_DATA TO EXAMINE_
=======

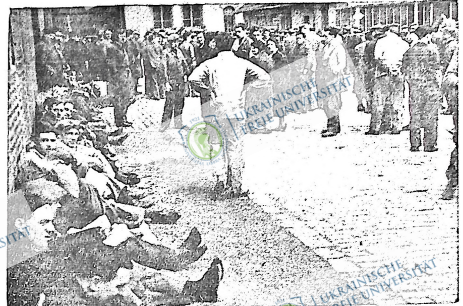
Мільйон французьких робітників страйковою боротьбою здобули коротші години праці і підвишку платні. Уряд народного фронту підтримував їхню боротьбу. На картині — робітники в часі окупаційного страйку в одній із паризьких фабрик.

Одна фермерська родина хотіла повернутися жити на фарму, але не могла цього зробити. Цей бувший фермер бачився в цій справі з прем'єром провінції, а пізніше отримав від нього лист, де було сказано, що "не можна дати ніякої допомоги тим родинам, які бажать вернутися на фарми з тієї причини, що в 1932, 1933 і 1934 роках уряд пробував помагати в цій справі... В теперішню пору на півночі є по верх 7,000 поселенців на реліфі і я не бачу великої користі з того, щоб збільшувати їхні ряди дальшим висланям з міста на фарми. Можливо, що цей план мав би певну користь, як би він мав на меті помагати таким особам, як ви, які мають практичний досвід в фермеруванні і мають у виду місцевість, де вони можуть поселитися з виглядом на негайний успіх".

=======

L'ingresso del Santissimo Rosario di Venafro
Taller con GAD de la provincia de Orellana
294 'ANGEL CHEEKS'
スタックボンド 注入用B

=======

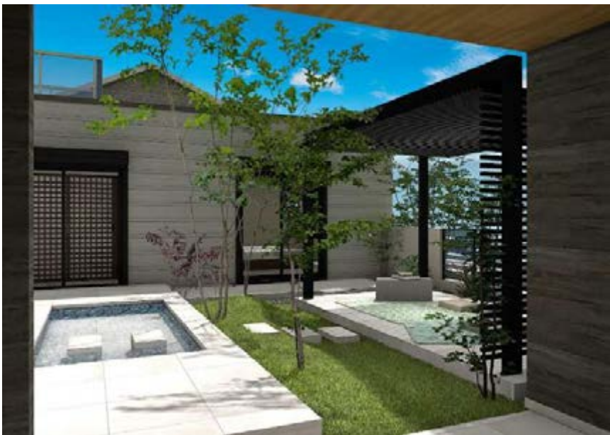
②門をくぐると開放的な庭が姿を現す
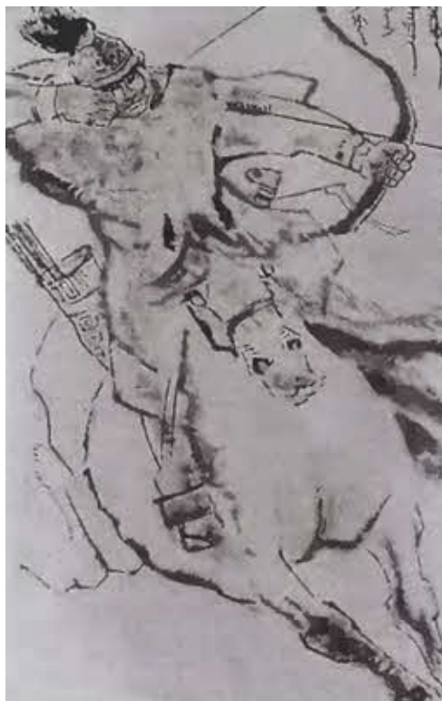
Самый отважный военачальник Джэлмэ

=======

_EXERCISE GOAL_
Only the lines above from the one with "Taller con GAD de la provincia de Orellana" through the one with "スタックボンド 注入用B" should be duplicated, character for character.

_RESULT_
Taller con GAD de la provincia de Orellana
294 'ANGEL CHEEKS'
スタックボンド 注入用B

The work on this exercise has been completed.